Getting Ready

There is a scene in The Adventures of Tom Sawyer in which Tom, Huck, and Joe Harper (a sometime partner in crime) are presumed drowned and the village holds a funeral service. In the meantime, the three boys, who had been holed up on Jackson's Island the whole time, are in the gallery listening and then make an entrance the current POTUS would envy. 

I am sure that sometimes, some of us wonder what our own funeral would be like. Generally, those thoughts creep up on us when we're at someone else's funeral. We see the deceased in his or her coffin, comment on how life-like they look, whisper and wonder what the family was dreaming of when they chose the clothes, and count how many wreaths are stacked in the refrigerated room around the coffin. 

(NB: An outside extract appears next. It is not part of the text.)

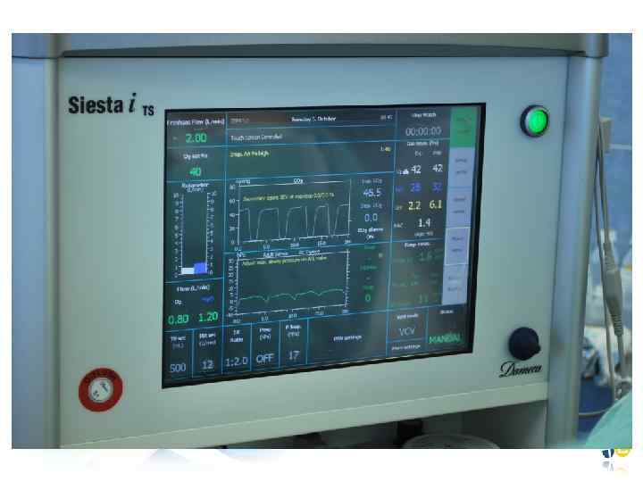 Мониторинг • Дыхательный (Pin; Кривая поток/объем; Sp. O 2; ex. CO 2 • Кардиомониторинг: ЧСС, ЭКГ, н. АД, диурез • Температурный мониторинг • Мониторинг глубины анестезии (BIS, ЭЭГ, CSI, Narcotrend) • Мониторинг нейромышечной проводимости

Well, a woman who died last week in Guitiriz, Lugo, must have had the same idea, only she acted upon her musings. Ever since her husband died some twenty years ago, she had been preparing for her own demise. Those around her insisted it wasn't because of any morbid contemplations, but rather, as planning for the inevitable. The woman prepared for certainty much like one prepares for a vacation. She even went so far as buying her own coffin and having it await her in the living room. She went to a local carpenter, and asked him to build her the coffin in his spare time, since the local funeral home director wouldn't sell her one without an obvious, urgent need. The carpenter did so, after a lot of hemming and hawing, and delivered it to her home, free of charge. 

Of course, part of the planning was seeing how she looked in it, so she hired a photographer to take pictures of her lying inside her future home. They had to make a second photo session because she didn't like it the first time around. She even wrote her own obituary to use when the time came, and detailed the routes the buses should take to pick up the car-less mourners. She planned everything down to the last detail, which was the niche she should be put into. To that purpose, she left on top of the coffin the key to the niche and a note to the pallbearers on just where in the cemetery it was located. Apparently, she had no children, and she didn't want anybody to go to the trouble of looking into every drawer she had to find the keys.

Death is a part of life, only most people don't want to think of it. They think they are too young (I'm only eighty-three!), are too scared to consider it (No, not the boogeyman, nooooo!), or think they will live forever (The movie Highlander was spot on, I'm another immortal!). This woman, who was 99, by the way, saw death as something natural, like eating when she felt hungry. It's not something one feels comfortable considering, but the truth is, none of us is getting of here alive.